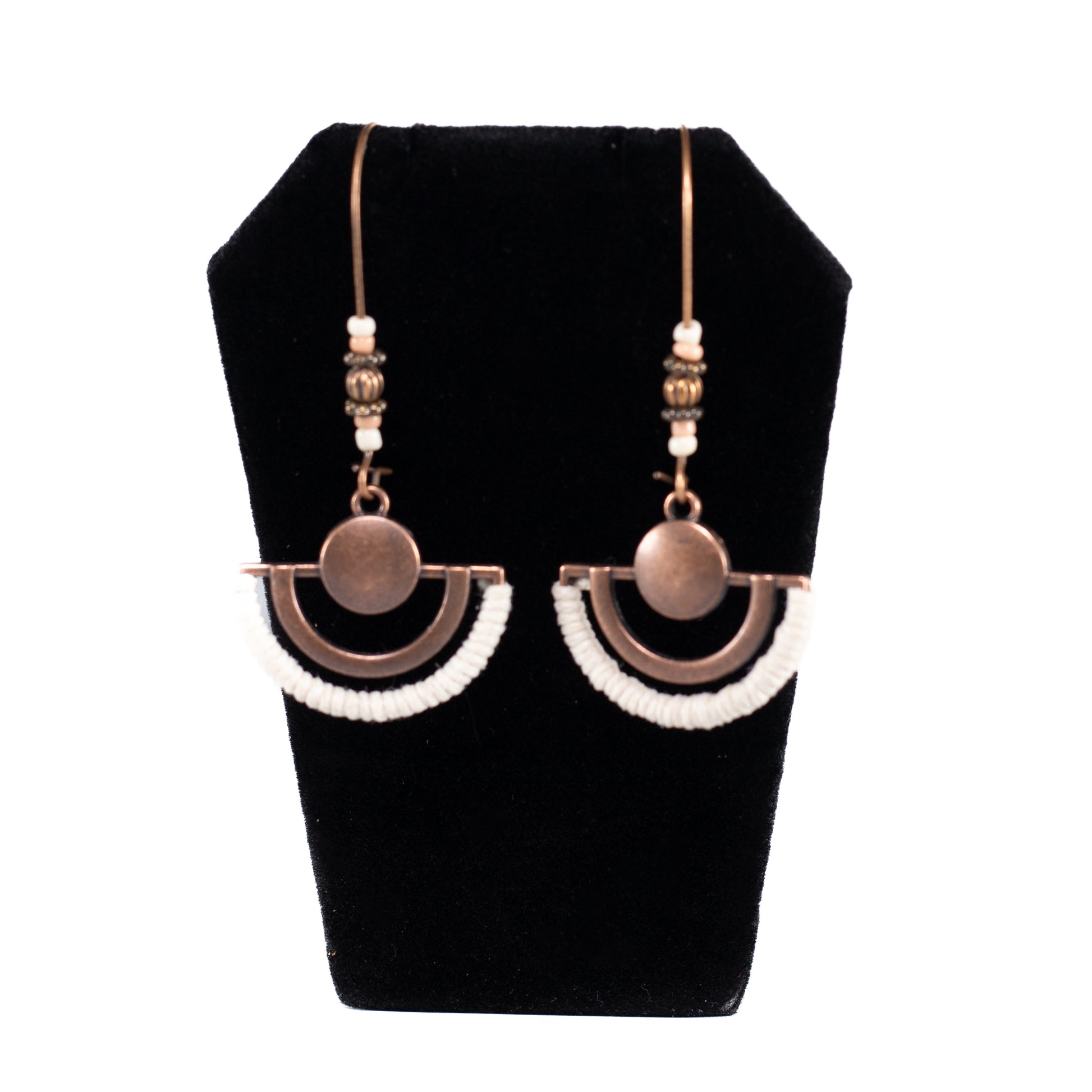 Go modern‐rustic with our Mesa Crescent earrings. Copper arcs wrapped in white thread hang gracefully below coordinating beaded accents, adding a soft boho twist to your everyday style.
════
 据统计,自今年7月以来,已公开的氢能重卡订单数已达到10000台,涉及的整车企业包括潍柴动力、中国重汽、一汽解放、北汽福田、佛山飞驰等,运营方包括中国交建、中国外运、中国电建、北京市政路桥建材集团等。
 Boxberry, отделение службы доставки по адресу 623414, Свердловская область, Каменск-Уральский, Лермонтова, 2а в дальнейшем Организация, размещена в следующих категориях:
════
◆ What is required: Since only part of the listing is wanted, copy exactly the lines from the one holding "据统计,自今年7月以来,已公" to the one holding "Boxberry, отделение службы", both included.

◆ Written answer:
 据统计,自今年7月以来,已公开的氢能重卡订单数已达到10000台,涉及的整车企业包括潍柴动力、中国重汽、一汽解放、北汽福田、佛山飞驰等,运营方包括中国交建、中国外运、中国电建、北京市政路桥建材集团等。
 Boxberry, отделение службы доставки по адресу 623414, Свердловская область, Каменск-Уральский, Лермонтова, 2а в дальнейшем Организация, размещена в следующих категориях:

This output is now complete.